Keepalive to backend is always 10 seconds

2022-01-07 Thread Rui Santos
Hello,

This is my 1st cry for help on HAProxy here. If this is not the
correct place, please be so kind as to redirect me to the proper one.

I'm new to HAProxy, and I'm trying to set up HAProxy 2.5.0, to act as
an SSL terminator to a single backend, for my initial testing.

The connection itself, as well the communication between the client,
all the way to the backend is operational. The issue I'm having is
with http keepalive.

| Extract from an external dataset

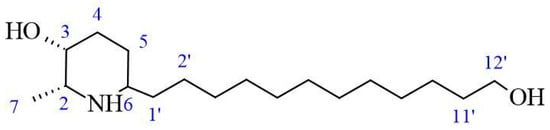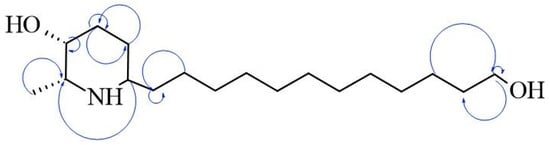 The AZS extract was fractionated via flash chromatography over Si-gel columns. The presence of alkaloids was confirmed in four of 12 fractions, and the most abundant fraction was selected for purification by chromatographic methods (see the Section 4). From this, as the alkaloid julifloridine was identified as one of the main components in the alkaloid extract (Table 2). Its structure was determined by HRESIMS (m/z 300.2895 [M + H]) and 13C and 1H NMR experiments. The results of these experiments are shown in Table 2 and Figure 6, Figure 7 and Figure 8. Two-dimensional NMR experiments helped to corroborate this structure: In COSY experiment (Figure 7), the correlations between δH 3.20 (q, J = 6.6 Hz, H-2) and δH 1.52 (m, H-7) and δ3.81 (dt, J = 3.4, 1.7 Hz, H-3) and δH 1.78 (qt, J = 8.7, 3.2 Hz, H-5a) were found and confirmed the structure of the piperidine ring. The bond between the piperidine ring and the aliphatic chain was confirmed by the correlation between δH 3.02 (tt, J = 8.7, 4.2, H-6), δH 1.64 (dt, J = 5.3, 15 Hz, H-1′a) and δH 1.28 (m, H-2′). A consistent correlation between all protons at positions 2′ to 9′ was observed due to the characteristic multiplet of the signals. Finally, the terminal hydroxyl (at the 12′ position) was verified due to the correlations between δH 3.51 (t, J = 6.7 Hz, H-12′) and δH 1.51 (m, H-11′) and δH 1.31 (m, H-10′). Based on the HMBC experiment (Figure 8), the position of all groups in the alkaloid was confirmed: the correlation between δH 1.52 (m, H-7) and δC 56.15 (C-2), established the position of the methyl substituent, and between δH 3.51 (t, J = 6.7 Hz, H-12′) and δC 32.31 (11′) and δC 25.6 (C-10′), confirming the presence of the hydroxyl substituent at position 12′.

The description is as follows:
- http keepalive is operating properly between client and HAProxy,
respecting all parameters provided/defined on both client and HAProxy
- http keepalive is also operating as expected between HAProxy and the
backend server, as long as there's less than 10 seconds between
transfers from the client

if more than 10 seconds pass between any communication is received
from the client side, this is what happens, at second T+10:
- There is no extra data produced by the client, nothing on tcpdump
- Between HAProxy and the backend, this happens:
17:22:54.058275 IP 10.116.0.96.443 > 10.116.0.65.36096: Flags [P.],
seq 3889:3920, ack 832, win 505, options [nop,nop,TS val 2833024558
ecr 864209762], length 31
17:22:54.058330 IP 10.116.0.65.36096 > 10.116.0.96.443: Flags [.], ack
3920, win 501, options [nop,nop,TS val 864219772 ecr 2833024558],
length 0
17:22:54.058366 IP 10.116.0.96.443 > 10.116.0.65.36096: Flags [F.],
seq 3920, ack 832, win 505, options [nop,nop,TS val 2833024558 ecr
864219772], length 0
17:22:54.058500 IP 10.116.0.65.36096 > 10.116.0.96.443: Flags [P.],
seq 832:863, ack 3921, win 501, options [nop,nop,TS val 864219772 ecr
2833024558], length 31
17:22:54.058516 IP 10.116.0.96.443 > 10.116.0.65.36096: Flags [R], seq
443460723, win 0, length 0
which culminates is the session being closed. This capture was taken
on the backend server.

This always happens after 10 seconds, which led me to believe it's a
timeout on the HAProxy side, but I was unable to find any parameter to
adjust it, when looking at the documentation.

As an extra note, if I communicate from the client, towards the
backend directly, http keepalive also works as it should.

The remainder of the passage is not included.